I'd been feeling anxious about my new offerings for a couple weeks, even though I couldn't really figure out why. I did all the exhausting work right, I'd done the research, I knew the best way to print my files, and the best way to offer files for customers to print at home, but something in me didn't feel ready. However, I figured my files were as ready as they were ever going to be, and kept ignoring what I thought was just me being over-critical.

Then tonight it dawned on me as I pored over copies of my prints: my cute little canvas sets with their simple, charming art silhouettes don't translate well as scanned art.

I took all the time to scan each hand-painted canvas, edited slightly in Photoshop, and called it good, but the result wasn't perfect. I realize now that a hand-painted image has a different charm with slight imperfections, canvas textures and brushstrokes, but as a digital file, it would look better made completely from digital elements, at least for this particular style. I knew from the start that my canvas sets could be easily digitally reproduced from scratch, but I wanted to maintain my integrity as a handmade artist and use my own personal art as opposed to clip art that anyone could do. A great ideal, but not a great result, at least in my experience.

So what happens when you fail? You can give up, or you can...
There is good news!

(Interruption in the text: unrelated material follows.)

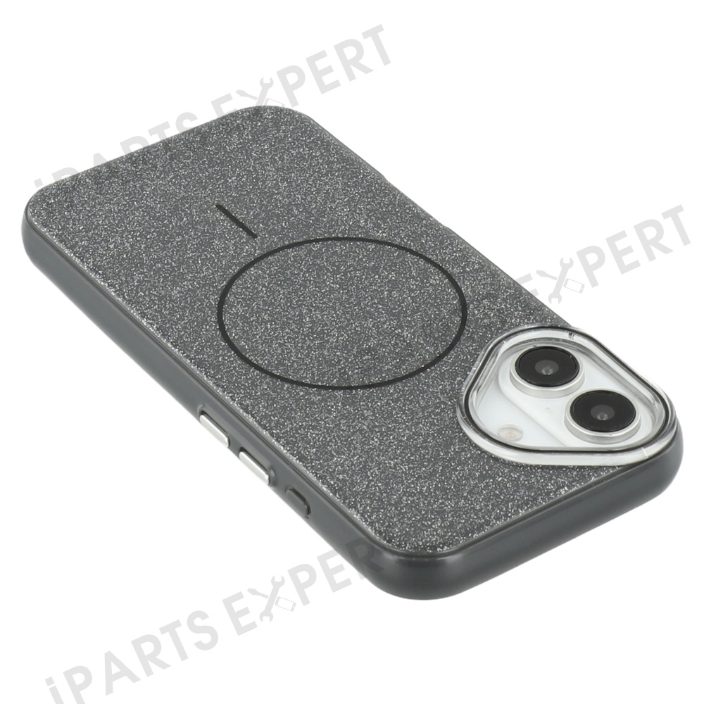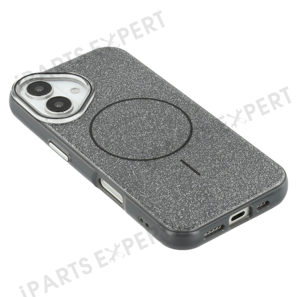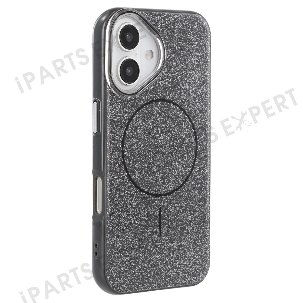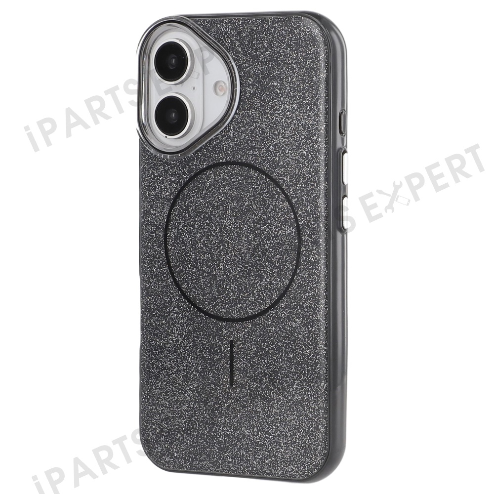 For iPhone 16 Case Compatible with MagSafe Glitter Design IMD TPU + PC Phone Back Cover - Black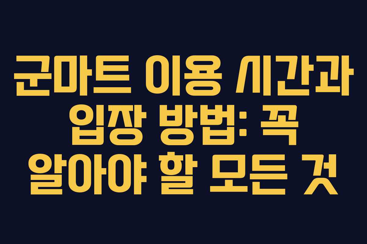 최근 고물가 시대에 군마트(국군복지단 마트)에 대한 관심이 커지고 있습니다. 군마트는 군인과 특정 대상을 위한 쇼핑 공간으로, 물가 부담을 줄일 수 있는 좋은 기회를 제공합니다. 이번 글에서는 군마트의 이용 시간, 입장 조건, 그리고 일반인의 이용 가능 여부를 상세히 알아보겠습니다.

The fact that I became more critical of my work is because, since this project began about a month ago, my Photoshop skills have improved immensely! What was 'good enough' before, I now can remake even better! However, re-doing all those hours of hard work sounds overwhelming, and I plan on taking a break from it in order to focus on my original project that was my inspiration to create these prints in the first place!

Making these prints gave me the skills and info I need to proceed with my project that I wouldn't have had before. So this 'failure' was worth something! And if I keep getting stuck perfecting my failure, I will never get started on what I'm really excited about. So there it is, I failed, it sucks, I'm mourning its loss, but now I'm letting myself move on for the time being and focus on my mystery project.

And not every digital file was scrapped! I created one piece that is more the direction I think I should go in terms of digital files and prints. The artwork is still handmade, yet was designed and created specifically to be a print, and translates beautifully as a digital file:
It's a bummer to feel like I'm starting over, but I think it's actually a great place for me to be.

How have you turned failures around?